In the copy, include every entry exactly but none of the images.

Data items:
┄┄┄┄┄┄

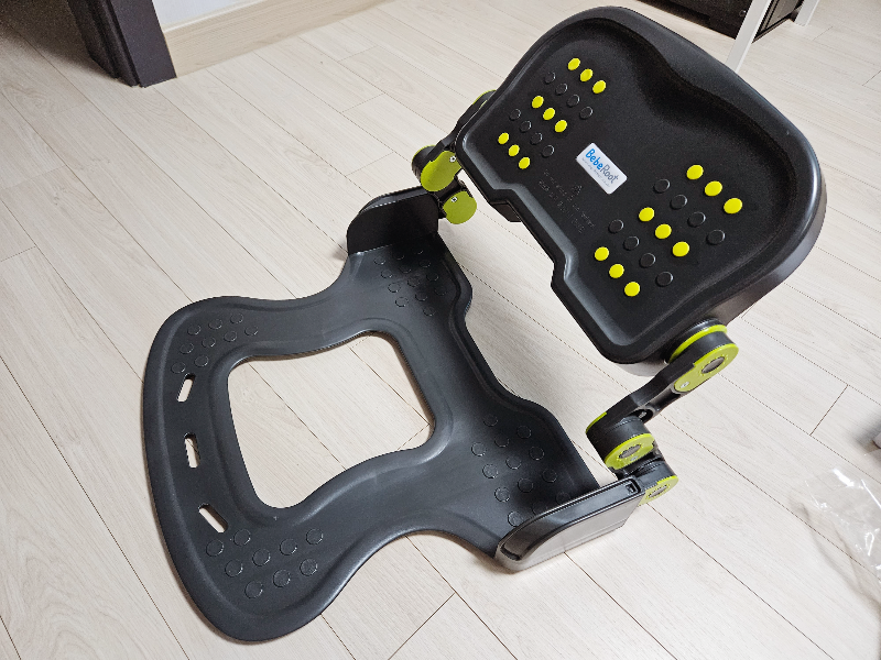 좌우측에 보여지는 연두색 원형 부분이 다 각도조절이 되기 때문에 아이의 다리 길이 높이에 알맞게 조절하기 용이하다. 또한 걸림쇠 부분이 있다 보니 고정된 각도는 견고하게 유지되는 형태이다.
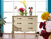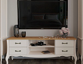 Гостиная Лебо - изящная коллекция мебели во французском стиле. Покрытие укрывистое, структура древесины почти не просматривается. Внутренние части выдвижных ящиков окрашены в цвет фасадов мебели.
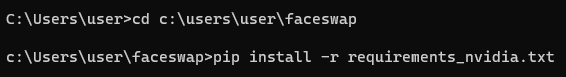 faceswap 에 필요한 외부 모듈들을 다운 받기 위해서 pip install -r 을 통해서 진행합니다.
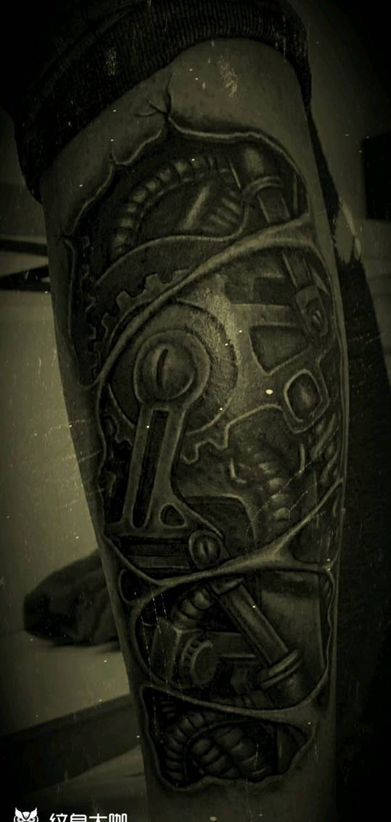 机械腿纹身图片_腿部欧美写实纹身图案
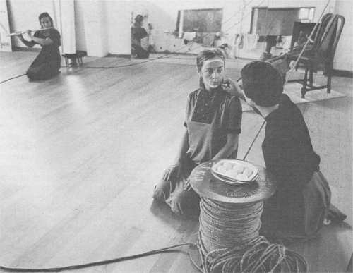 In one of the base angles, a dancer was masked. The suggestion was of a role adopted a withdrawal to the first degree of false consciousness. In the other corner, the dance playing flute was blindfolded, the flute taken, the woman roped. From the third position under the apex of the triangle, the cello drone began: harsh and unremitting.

┄┄┄┄┄┄

Solution for this exercise |
 좌우측에 보여지는 연두색 원형 부분이 다 각도조절이 되기 때문에 아이의 다리 길이 높이에 알맞게 조절하기 용이하다. 또한 걸림쇠 부분이 있다 보니 고정된 각도는 견고하게 유지되는 형태이다.
 Гостиная Лебо - изящная коллекция мебели во французском стиле. Покрытие укрывистое, структура древесины почти не просматривается. Внутренние части выдвижных ящиков окрашены в цвет фасадов мебели.
 faceswap 에 필요한 외부 모듈들을 다운 받기 위해서 pip install -r 을 통해서 진행합니다.
 机械腿纹身图片_腿部欧美写实纹身图案
 In one of the base angles, a dancer was masked. The suggestion was of a role adopted a withdrawal to the first degree of false consciousness. In the other corner, the dance playing flute was blindfolded, the flute taken, the woman roped. From the third position under the apex of the triangle, the cello drone began: harsh and unremitting.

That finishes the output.